Tidal marshes are a unique environment and only very specifically adapted species are able to survive in coastal marshlands. However, new research published in the journal Nature reports on the key role that these ecosystems play in carbon storage and explains the unexpected impact that sea level rise will have on carbon buried deep in the mud of these habitats.
The research was conducted by a team of scientists at the University of Wollongong in Australia that analyzed sediment cores from wetlands around the world. The team determined that the amount of carbon that wetlands are capable of storing is directly related to sea level.
Unlike other plants which are also able to sequester carbon but then release it into the atmosphere upon decomposition, marsh plants get buried under layers of mud as they decompose, taking their carbon with them. That’s what makes marshes and peatlands so efficient at carbon storage.
In a surprising plot twist, sea level rise as a result of climate change might actually be a positive aspect for carbon sequestration. Sea level rise will mean that marshes are experiencing more and more inundation from tides, which will ultimately bury plants (and carbon) in more and more layers of mud. This keeps carbon from entering the atmosphere – and from here the possibilities start to grow.
In fact, according to BBC News, “Doubling of the carbon stored in these wetlands would mean an additional five million tons of atmospheric carbon is ‘stuck in the mud’ every year - that would be equivalent to taking more than one million cars off the road.”
And there’s more.
Lead researcher Professor Kerrylee Rogers explained: "This sediment not only buries and traps root material and other organic matter, but also increases the elevation of wetlands. With sea-level rise, this acts as an adaptation measure by enabling wetlands to build elevation as the sea rises."

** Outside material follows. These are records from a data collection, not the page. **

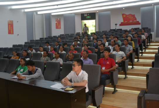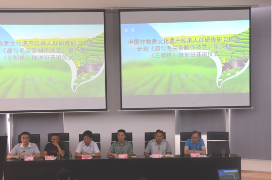 根据贵州省传统手工技艺助推脱贫培训计划(2016-2020年),结合文化部办公厅、教育部办公厅《关于实施中国非物质文化遗产传承人群研修研习培训计划的通知》(办非遗函〔2015〕581号)和贵州省非物质文化遗产保护传承教育培训基地遴选工作实施方案的要求,在贵州省文化厅的领导、关心、支持下,在黔南州文化广电新闻出版局指导下,中国非物质文化遗产传承人群研修研习培训计划“都匀毛尖茶制作技艺培训班”(第六期),今天在我院知行楼圆形报告厅开班。上午9点正式举行了开班典礼,出席开班典礼的领导有:黔南州文化广电新闻出版局非遗科黄家富科长、黔南州非物质文化遗产保护中心陈仙祥主任、黔南民族职业技术学院院长饶辉院长、黔南民族职业技术学院生管理系张金华主任,现代山地农业工程系范大有主任、三都县茶办蒙建帮主任。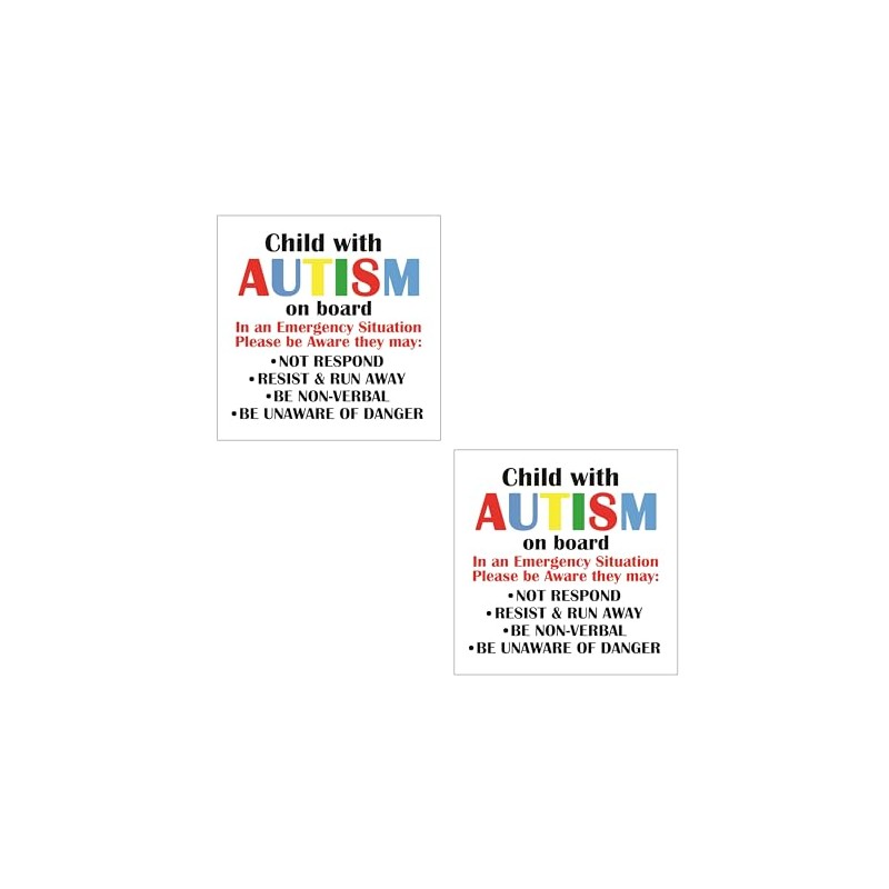2 Pack Child with Autism Medical Alert Stickers – 4" Vinyl Car Decals for Win...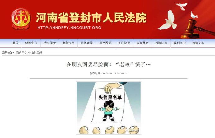 據(jù)介紹,河南省登封市法院在全省首創(chuàng)給老賴們“定制”手機(jī)彩鈴。“我們就是要在老賴朋友圈‘高調(diào)公布’他是失信被執(zhí)行人,他是欠錢不還的老賴,讓他們精神上有壓力,以此敦促他們自覺履行義務(wù)?!?/span>登封市法院執(zhí)行局負(fù)責(zé)人楊軍說。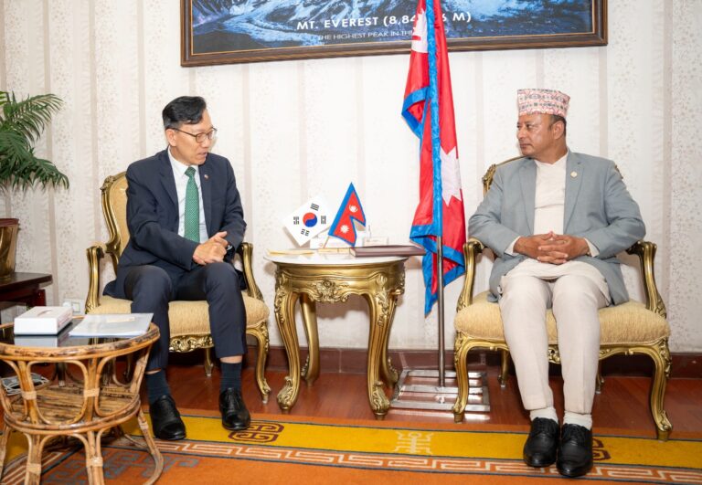 काठमाडौँ । ऊर्जा, जलस्रोत तथा सिँचाइमन्त्री दीपक खड्कासँग नेपालका लागि दक्षिण कोरियाली राजदूत पार्क ताई योङबीच शिष्टाचार भेट भएको छ ।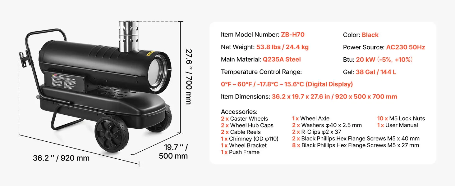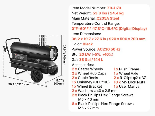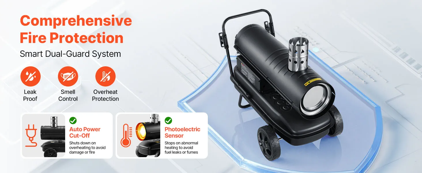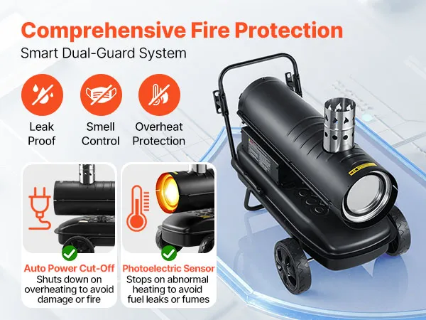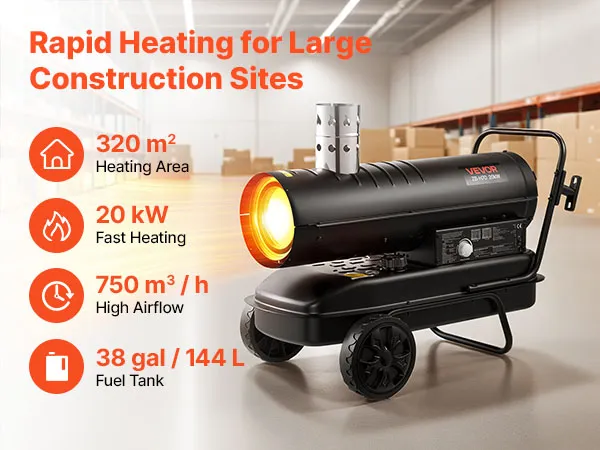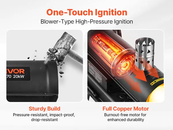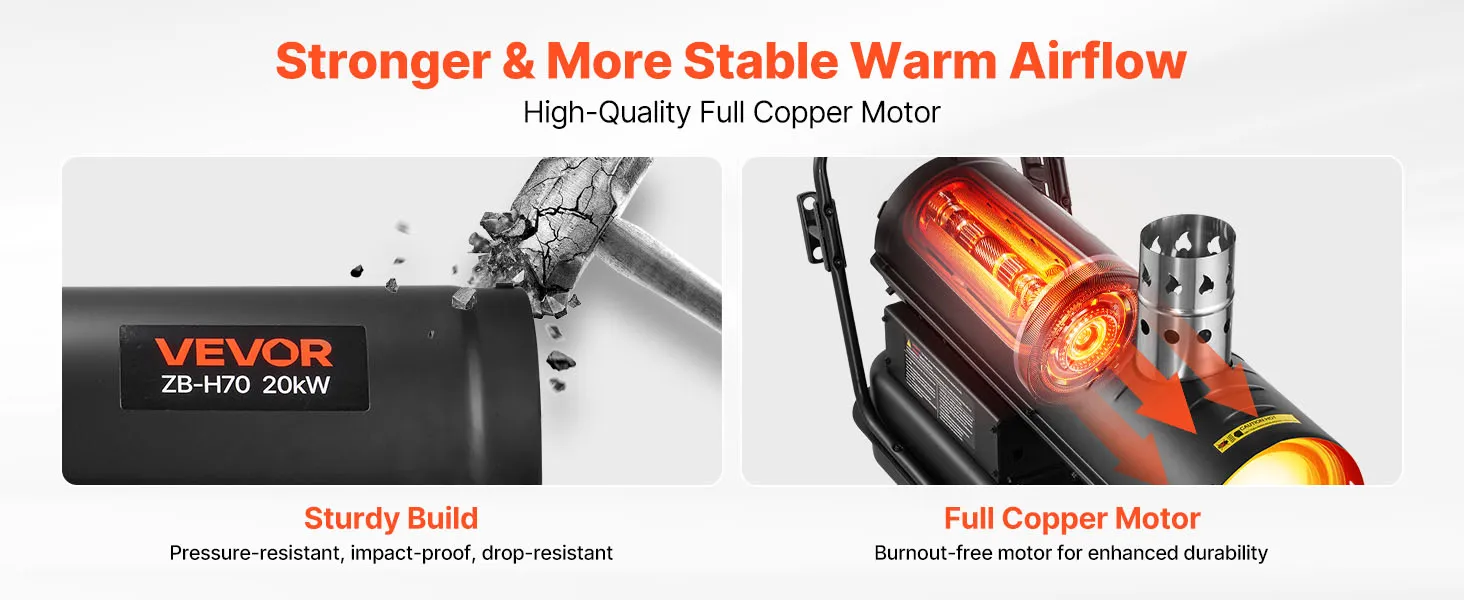 Equipped with a full-copper motor for stable output and extended use. The solid housing handles rough handling well, making this kerosene heater a reliable choice on job sites.

But in order to fully take advantage of these ecosystems as self-adapting carbon storage units, we need to make sure that we’re adequately protecting them. Construction and infrastructure along coasts have skyrocketed and encroachment on wetlands puts not only the ecosystems at risk, but also this carbon-saving tool under threat.
Patrick Megonigal from the Smithsonian Environmental Research Center in Maryland, US, posed the ultimate wonder to BBC News: "The important question is how many wetlands will remain wetlands and how humans manage the land adjacent to them. Wetlands can migrate on land as long as they have space, so that's an important decision that we're left with."